Rob Wolfe, CEO of AvcomEast, a Vienna, Va.-based Oracle partner, said he has gotten no reaction or questions from customers about this suit, which pits the titans of enterprise applications against each other.

"I don't think that the market sees any material effect on their [or our] day-to-day operation with Oracle products," he noted.

Scott Jenkins, CEO of The EBS Group, another Oracle partner out of Lenexa, Kan., agreed. He keeps an eye on the suit, which he terms "jockeying for position," he said, but his customers seem unphased.

The original suit filed in the U.S. District Court in San Francisco, charged SAP with committing "corporate theft on a grand scale" and alleged theft of Oracle customer support data, products and other proprietary support materials.

Oracle's complaint comes after the company spent years and tens of billions of dollars snapping up applications rivals, including PeopleSoft, along with J.D. Edwards and Siebel Systems. Those purchases alone made Oracle the second largest provider of business applications after SAP, Waldorf, Germany.

The tussle over support and maintenance money is anything but trivial. Oracle typically charges customers 22 to 23 percent of license cost annually for support, and counts on that revenue.

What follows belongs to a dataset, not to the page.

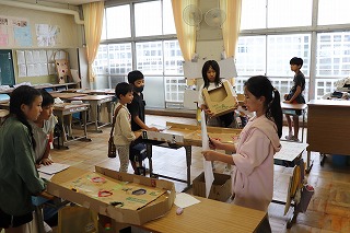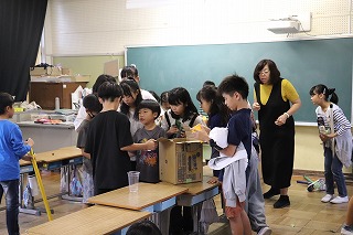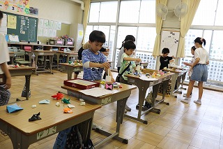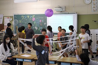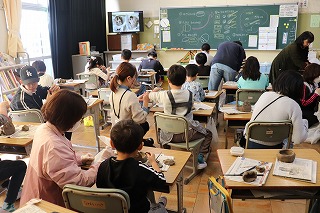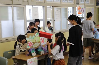 高学年の児童は低学年の児童に校舎内を案内したり、どのブースを

Several solution providers interviewed by CRN after the initial filing said many of the acts Oracle charged are considered standard operating procedure. They maintained that consultants who do system support and maintenance routinely access and use vendor data in supporting customers. The difference here is that the consultancy at issue is owned by Oracle's largest, most powerful competitor.

This report was updated Friday evening with an updated SAP statement.